Но о Луначарском: жена его, проходя в капоте через прихожую, говорит: — Анатоль, Анатоль... Вы к Анатолию? — спрашивает она у членов всевозможных депутаций...



Алексей Орешников, 62 года, сотрудник Исторического музея, Москва
14 февраля.
С сегодняшнего дня мы начинаем жить по новому стилю. Слух о разгроме Патриаршей ризницы подтвердился; в 2 ч. я был приглашен на заседание в Кремль, которое происходило под председательством Павла Петровича Малиновского; были: архимандрит Арсений, иеромонах Евстратии, его помощник, епископ Михаил Гродненский, Грабарь, Марковников архитектор, Трутовский и др.; обсуждались меры против дальнейшего хищения; украдено много: все панагии (!), золотые сосуды царя Федора Алексеевича, Екатерины II, один из сионов XV в., 9 патриарших митр, оклад золотой Евангелия Марфы Матвеевны с великолепными финифтяными образами, и многое, многое ... Мстиславово Евангелие цело, также митрополита Симона. Вообще наука, в смысле потери таких памятников, много потеряла, хорошо, что все главные предметы сфотографированы, а с обоих сионов имеются хорошие копии в Историческом музее. Вернулся домой в 6 ч. В 8 ч. Трутовский по телефону позвал в ризницу.



Никита Окунев, 49 лет, служащий пароходства "Самолёт", Москва:
14 февраля.
Начался новый стиль, и продолжаются старые безобразия. Группа рабочих в 100—150 человек, конечно, по-красногвардейски вооруженных, назвавшихся анархистами, захватили купеческий клуб, якобы для «культурно-просветительных целей», и кстати обобрали находившихся в клубе посетителей, но не дочиста, а только на 1/3 оказавшихся у каждого денег.
Про украденные богатства из патриаршей ризницы говорят уже, что их было не на миллион, а на десятки миллионов и что ограбление произошло так, как будто охрана Кремля глядела на происходившее как на что-нибудь правомерное.
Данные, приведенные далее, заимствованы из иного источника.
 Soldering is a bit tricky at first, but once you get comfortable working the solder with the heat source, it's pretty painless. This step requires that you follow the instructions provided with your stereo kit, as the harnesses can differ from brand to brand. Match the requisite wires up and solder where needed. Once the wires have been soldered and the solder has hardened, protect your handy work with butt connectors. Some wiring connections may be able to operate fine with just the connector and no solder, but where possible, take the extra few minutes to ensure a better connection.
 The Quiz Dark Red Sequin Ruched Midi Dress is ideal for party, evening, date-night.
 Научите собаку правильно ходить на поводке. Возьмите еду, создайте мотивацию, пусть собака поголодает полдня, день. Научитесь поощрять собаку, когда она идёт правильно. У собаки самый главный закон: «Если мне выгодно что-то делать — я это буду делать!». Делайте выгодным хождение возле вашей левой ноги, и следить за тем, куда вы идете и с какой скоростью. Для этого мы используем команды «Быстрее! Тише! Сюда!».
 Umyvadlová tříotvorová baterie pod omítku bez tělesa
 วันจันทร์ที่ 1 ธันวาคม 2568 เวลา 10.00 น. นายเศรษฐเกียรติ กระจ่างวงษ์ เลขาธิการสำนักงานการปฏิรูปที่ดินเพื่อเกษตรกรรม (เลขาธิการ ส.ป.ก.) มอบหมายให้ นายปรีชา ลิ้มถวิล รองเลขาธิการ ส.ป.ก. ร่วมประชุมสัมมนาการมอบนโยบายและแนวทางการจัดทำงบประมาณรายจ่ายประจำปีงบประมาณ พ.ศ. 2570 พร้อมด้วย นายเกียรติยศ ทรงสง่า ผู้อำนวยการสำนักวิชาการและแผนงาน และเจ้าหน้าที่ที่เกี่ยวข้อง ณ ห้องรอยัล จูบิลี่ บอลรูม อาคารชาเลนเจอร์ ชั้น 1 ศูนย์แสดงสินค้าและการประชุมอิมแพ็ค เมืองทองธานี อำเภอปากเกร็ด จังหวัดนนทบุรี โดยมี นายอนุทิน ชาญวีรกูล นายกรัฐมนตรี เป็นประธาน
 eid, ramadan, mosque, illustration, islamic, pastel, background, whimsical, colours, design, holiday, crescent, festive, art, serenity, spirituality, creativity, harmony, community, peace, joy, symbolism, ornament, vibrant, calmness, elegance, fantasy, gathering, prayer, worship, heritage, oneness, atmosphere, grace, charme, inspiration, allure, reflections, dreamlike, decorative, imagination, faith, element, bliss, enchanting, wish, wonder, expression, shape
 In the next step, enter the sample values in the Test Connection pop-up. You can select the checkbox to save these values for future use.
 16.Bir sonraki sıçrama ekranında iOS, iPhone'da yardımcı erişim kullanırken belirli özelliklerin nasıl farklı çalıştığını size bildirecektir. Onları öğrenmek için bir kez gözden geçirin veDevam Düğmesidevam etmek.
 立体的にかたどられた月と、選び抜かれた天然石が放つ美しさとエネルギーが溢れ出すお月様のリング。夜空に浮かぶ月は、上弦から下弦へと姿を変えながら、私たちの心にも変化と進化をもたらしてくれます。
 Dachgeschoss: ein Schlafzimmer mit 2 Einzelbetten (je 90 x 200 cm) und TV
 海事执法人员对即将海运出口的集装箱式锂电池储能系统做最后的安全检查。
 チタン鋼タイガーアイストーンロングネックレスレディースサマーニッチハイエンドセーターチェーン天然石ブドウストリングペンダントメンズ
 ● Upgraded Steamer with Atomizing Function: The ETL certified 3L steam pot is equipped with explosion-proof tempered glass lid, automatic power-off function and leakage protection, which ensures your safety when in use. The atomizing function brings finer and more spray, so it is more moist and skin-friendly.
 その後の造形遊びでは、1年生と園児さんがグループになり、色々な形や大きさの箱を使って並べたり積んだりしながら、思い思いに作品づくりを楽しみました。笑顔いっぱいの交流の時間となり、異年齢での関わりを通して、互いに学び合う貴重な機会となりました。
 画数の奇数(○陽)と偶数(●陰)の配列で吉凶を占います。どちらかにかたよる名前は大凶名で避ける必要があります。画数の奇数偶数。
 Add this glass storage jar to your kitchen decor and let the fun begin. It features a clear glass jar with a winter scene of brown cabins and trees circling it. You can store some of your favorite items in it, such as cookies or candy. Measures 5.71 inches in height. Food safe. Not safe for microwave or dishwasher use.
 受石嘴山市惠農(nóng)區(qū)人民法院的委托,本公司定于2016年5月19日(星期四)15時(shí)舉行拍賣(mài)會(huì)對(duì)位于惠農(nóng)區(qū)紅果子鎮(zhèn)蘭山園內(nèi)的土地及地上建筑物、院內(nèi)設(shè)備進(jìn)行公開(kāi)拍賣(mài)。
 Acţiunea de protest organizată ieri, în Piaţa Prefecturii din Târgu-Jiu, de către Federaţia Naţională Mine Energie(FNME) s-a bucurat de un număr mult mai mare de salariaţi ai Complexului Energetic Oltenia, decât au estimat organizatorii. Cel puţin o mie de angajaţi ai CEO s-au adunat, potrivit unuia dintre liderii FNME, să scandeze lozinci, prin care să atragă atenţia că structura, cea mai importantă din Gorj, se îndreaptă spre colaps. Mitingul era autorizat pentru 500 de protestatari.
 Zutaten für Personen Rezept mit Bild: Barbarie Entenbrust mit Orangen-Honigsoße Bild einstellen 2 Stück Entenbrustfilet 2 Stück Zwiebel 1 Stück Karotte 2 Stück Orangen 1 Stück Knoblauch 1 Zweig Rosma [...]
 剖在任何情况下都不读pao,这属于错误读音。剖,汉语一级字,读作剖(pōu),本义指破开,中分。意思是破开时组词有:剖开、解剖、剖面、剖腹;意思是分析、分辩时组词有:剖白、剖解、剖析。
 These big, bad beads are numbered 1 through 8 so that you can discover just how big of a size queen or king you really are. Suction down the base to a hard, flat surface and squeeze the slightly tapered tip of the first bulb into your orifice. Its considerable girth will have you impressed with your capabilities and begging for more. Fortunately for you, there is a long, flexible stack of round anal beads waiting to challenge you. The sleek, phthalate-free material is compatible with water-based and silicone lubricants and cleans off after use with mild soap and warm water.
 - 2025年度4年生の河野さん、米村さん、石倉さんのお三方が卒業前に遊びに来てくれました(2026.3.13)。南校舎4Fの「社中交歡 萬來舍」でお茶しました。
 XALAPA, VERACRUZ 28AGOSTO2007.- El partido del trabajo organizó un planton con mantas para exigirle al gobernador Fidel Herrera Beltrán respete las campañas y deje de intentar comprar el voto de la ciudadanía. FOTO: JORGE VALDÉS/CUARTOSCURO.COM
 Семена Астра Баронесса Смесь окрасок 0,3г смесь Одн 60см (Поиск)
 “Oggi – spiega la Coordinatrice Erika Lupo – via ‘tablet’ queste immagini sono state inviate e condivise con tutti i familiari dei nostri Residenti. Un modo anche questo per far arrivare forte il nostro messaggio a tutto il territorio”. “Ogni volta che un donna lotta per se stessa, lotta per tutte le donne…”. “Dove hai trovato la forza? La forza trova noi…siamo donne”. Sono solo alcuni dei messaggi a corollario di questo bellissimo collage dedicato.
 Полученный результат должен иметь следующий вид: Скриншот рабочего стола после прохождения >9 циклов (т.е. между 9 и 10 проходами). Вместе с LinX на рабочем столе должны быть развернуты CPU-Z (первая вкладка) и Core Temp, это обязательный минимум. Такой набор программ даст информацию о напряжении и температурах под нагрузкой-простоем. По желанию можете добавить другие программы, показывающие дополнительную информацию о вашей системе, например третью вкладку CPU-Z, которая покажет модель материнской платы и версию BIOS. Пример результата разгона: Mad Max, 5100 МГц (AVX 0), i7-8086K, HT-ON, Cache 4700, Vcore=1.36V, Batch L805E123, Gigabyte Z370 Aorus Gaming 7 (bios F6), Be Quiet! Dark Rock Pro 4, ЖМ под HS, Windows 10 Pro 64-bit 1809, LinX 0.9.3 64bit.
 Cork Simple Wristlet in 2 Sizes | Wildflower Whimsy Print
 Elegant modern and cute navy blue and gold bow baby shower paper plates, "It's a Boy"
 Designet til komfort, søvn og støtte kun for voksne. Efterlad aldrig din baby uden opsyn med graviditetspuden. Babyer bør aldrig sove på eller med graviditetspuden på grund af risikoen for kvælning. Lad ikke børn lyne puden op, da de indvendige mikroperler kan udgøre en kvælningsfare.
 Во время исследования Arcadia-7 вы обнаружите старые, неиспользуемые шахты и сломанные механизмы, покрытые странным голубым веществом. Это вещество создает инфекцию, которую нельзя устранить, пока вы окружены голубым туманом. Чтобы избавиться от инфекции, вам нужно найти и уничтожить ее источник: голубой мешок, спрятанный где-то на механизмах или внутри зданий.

Юрий Готье, историк, академик, 44 года, директор Румянцевского музея, Москва:
1 или 14 февраля. Не знаю — пока пишу оба числа; готов приветствовать это первое здравое изменение, проведенное большевиками. Сегодня мы закладывали свое серебро, которое лежало на хранении в ссудной казне; нам казалось, что лучше что-либо получить под залог его, ибо дома его держать нельзя, а если его оставить там без залога, то дождешься его конфискации. Оказалось, что ссудная казна теперь арена действий исключительно буржуев, которые закладывают то немногое, что у них осталось. Мир, заключенный радой и не заключенный большевиками, производит большое впечатление; об этом говорят и предвидят всяческое зло, так как немцы сделают Малороссию объектом своих вожделений.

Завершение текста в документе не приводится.